Simulated distribution of the contrast using IBM
Source:R/IBM_k_samples_test.R
IBM_tabul_stochasticInteg.RdTabulate the distribution related to the inner convergence part of the contrast, by simulating trajectories of Gaussian processes and applying some transformations. Useful to perform the test hypothesis, by retrieving the (1-alpha)-quantile of interest. See 'Details' below and the cited paper therein for further information.
Usage
IBM_tabul_stochasticInteg(
samples,
admixMod,
min_size = NULL,
n.varCovMat = 80,
n_sim_tab = 100,
parallel = FALSE,
n_cpu = 2
)Arguments
- samples
A list of the two samples under study.
- admixMod
A list of two objects of class 'admix_model', with information about distributions and parameters.
- min_size
(optional, NULL by default) In the k-sample case, useful to provide the minimal size among all samples (needed to take into account the correction factor for variance-covariance assessment). Otherwise, useless.
- n.varCovMat
(default to 80) Number of time points at which the Gaussian processes are simulated.
- n_sim_tab
(default to 100) Number of simulated Gaussian processes when tabulating the inner convergence distribution in the 'icv' testing method using the IBM estimation approach.
- parallel
(default to FALSE) Boolean to indicate whether parallel computations are performed (speed-up the tabulation).
- n_cpu
(default to 2) Number of cores used when paralleling computations.
Value
A list with four elements, containing: 1) random draws of the contrast as defined in the reference given here; 2) estimated unknown component weights for the two admixture models; 3) the value of the the empirical contrast; 4) support that was used to evaluate the variance-covariance matrix of the empirical processes.
References
Milhaud X, Pommeret D, Salhi Y, Vandekerkhove P (2024). “Two-sample contamination model test.” Bernoulli, 30(1), 170--197. doi:10.3150/23-BEJ1593 .
Author
Xavier Milhaud xavier.milhaud.research@gmail.com
Examples
# \donttest{
## Simulate mixture data:
mixt1 <- twoComp_mixt(n = 1200, weight = 0.4,
comp.dist = list("norm", "norm"),
comp.param = list(list("mean" = -2, "sd" = 0.5),
list("mean" = 0, "sd" = 1)))
mixt2 <- twoComp_mixt(n = 1000, weight = 0.7,
comp.dist = list("norm", "norm"),
comp.param = list(list("mean" = -2, "sd" = 0.5),
list("mean" = 1, "sd" = 1)))
data1 <- getmixtData(mixt1)
data2 <- getmixtData(mixt2)
## Define the admixture models:
admixMod1 <- admix_model(knownComp_dist = mixt1$comp.dist[[2]],
knownComp_param = mixt1$comp.param[[2]])
admixMod2 <- admix_model(knownComp_dist = mixt2$comp.dist[[2]],
knownComp_param = mixt2$comp.param[[2]])
IBM_tabul_stochasticInteg(samples = list(data1, data2), admixMod = list(admixMod1, admixMod2),
min_size=NULL, n.varCovMat=20, n_sim_tab=2, parallel=FALSE, n_cpu=2)

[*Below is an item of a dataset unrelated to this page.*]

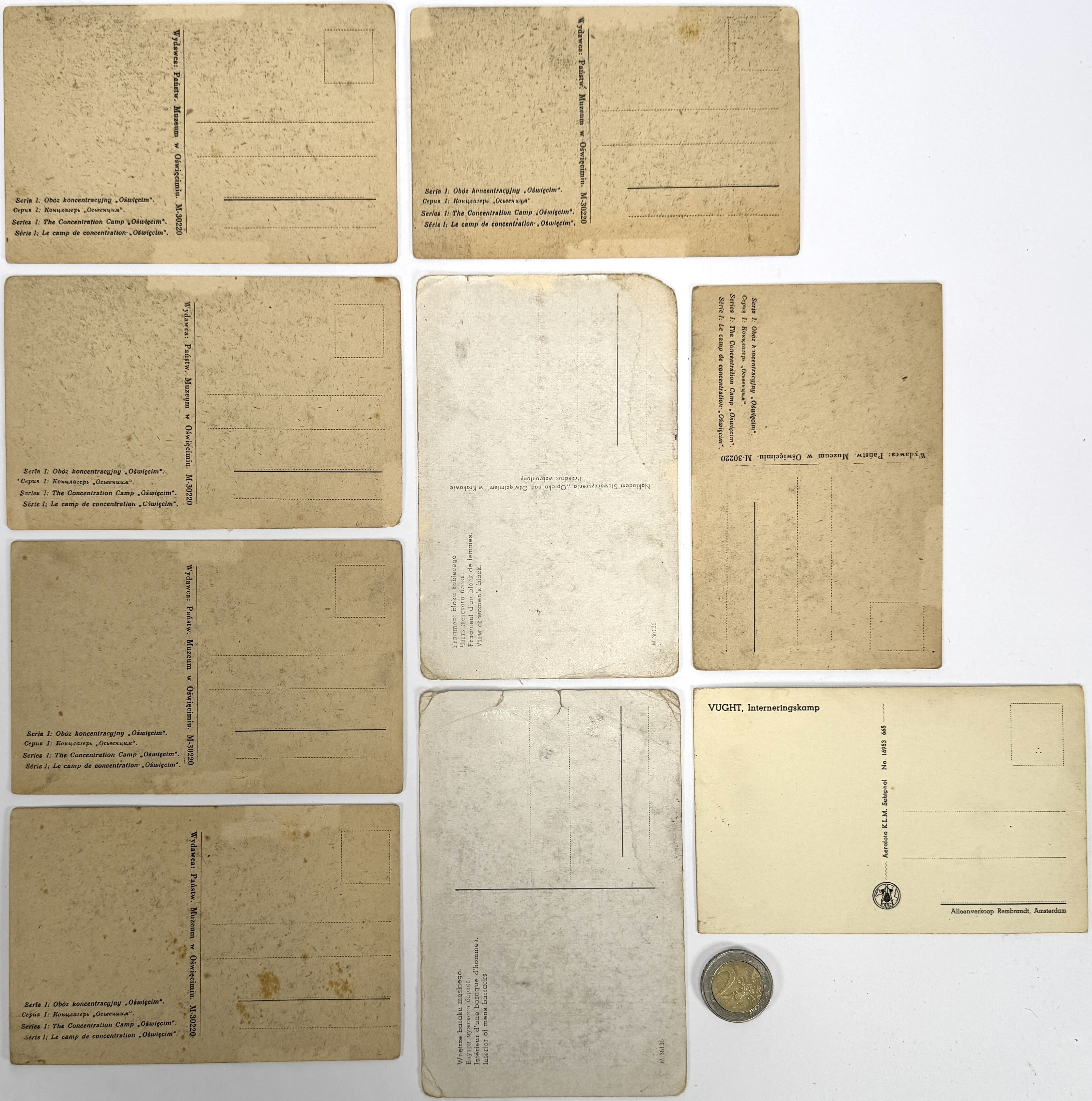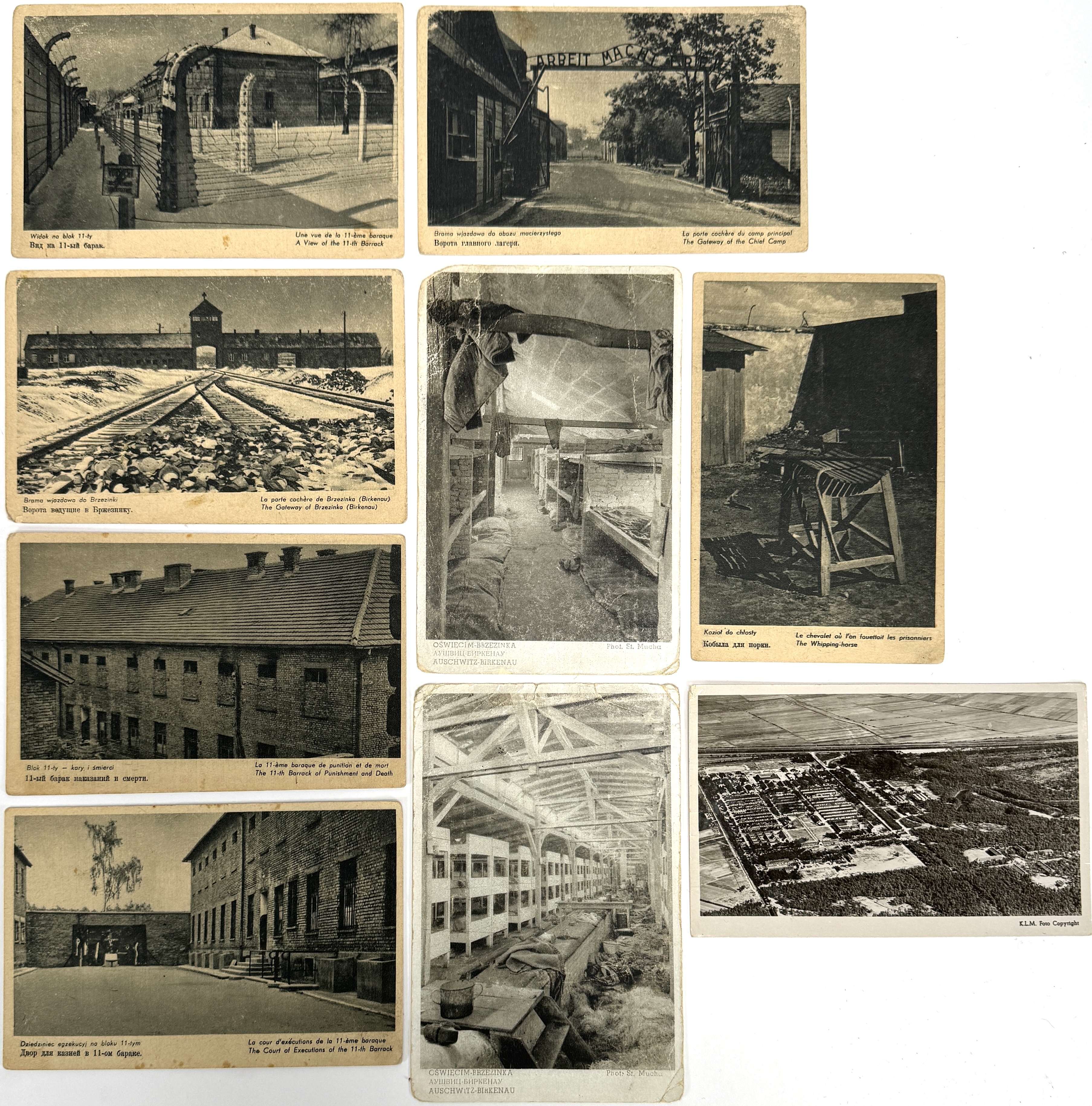 Zwart-wit fotokaarten van concentratiekampen Auschwitz en Birkenau, omstreeks jaren 1940–1950, gedrukt op karton in fotomechanische techniek. Te zien zijn onder meer de toegangspoort met het opschrift “Arbeit macht frei”, het spoortracé naar Birkenau en interieurs van barakken. Op de achterzijde meertalige aanduidingen van de series, één kaart gemerkt “VUGHT, interneringskamp”. Ontdek deze zwart-wit fotokaarten en voeg het toe aan jouw collectie! Registreer nu voor de veiling. |

#> Warning: IBM estimators of two unknown proportions are reliable only if the two
#> corresponding unknown component distributions have been tested equal (see 'admix_test()').
#> Furthermore, when both the known and unknown component distributions of the mixture
#> models are identical, the IBM approach provides an estimation of the ratio of the
#> actual mixing weights rather than an estimation of the unknown weights themselves.
#> $U_sim
#> [1] 0.07155802 0.30318710
#>
#> $estimator
#> Call:estim_IBM(samples = samples, admixMod = admixMod, n.integ = 1000)
#>
#> Estimated mixing proportion (of the unknown component) in the 1st sample: 0.452
#> Estimated mixing proportion (of the unknown component) in the 2nd sample: 0.79
#> Variance of the estimator of the mixing proportion in the 1st sample: NA
#> Variance of the estimator of the mixing proportion in the 2nd sample: NA
#>
#>
#> $contrast_value
#> [1] 0.12495
#>
#> $integ.points
#> [1] -3.4815454 -3.1141774 -2.7468095 -2.3794415 -2.0120736 -1.6447056
#> [7] -1.2773377 -0.9099697 -0.5426018 -0.1752338 0.1921341 0.5595021
#> [13] 0.9268700 1.2942380 1.6616059 2.0289738 2.3963418 2.7637097
#> [19] 3.1310777 3.4984456
#>
# }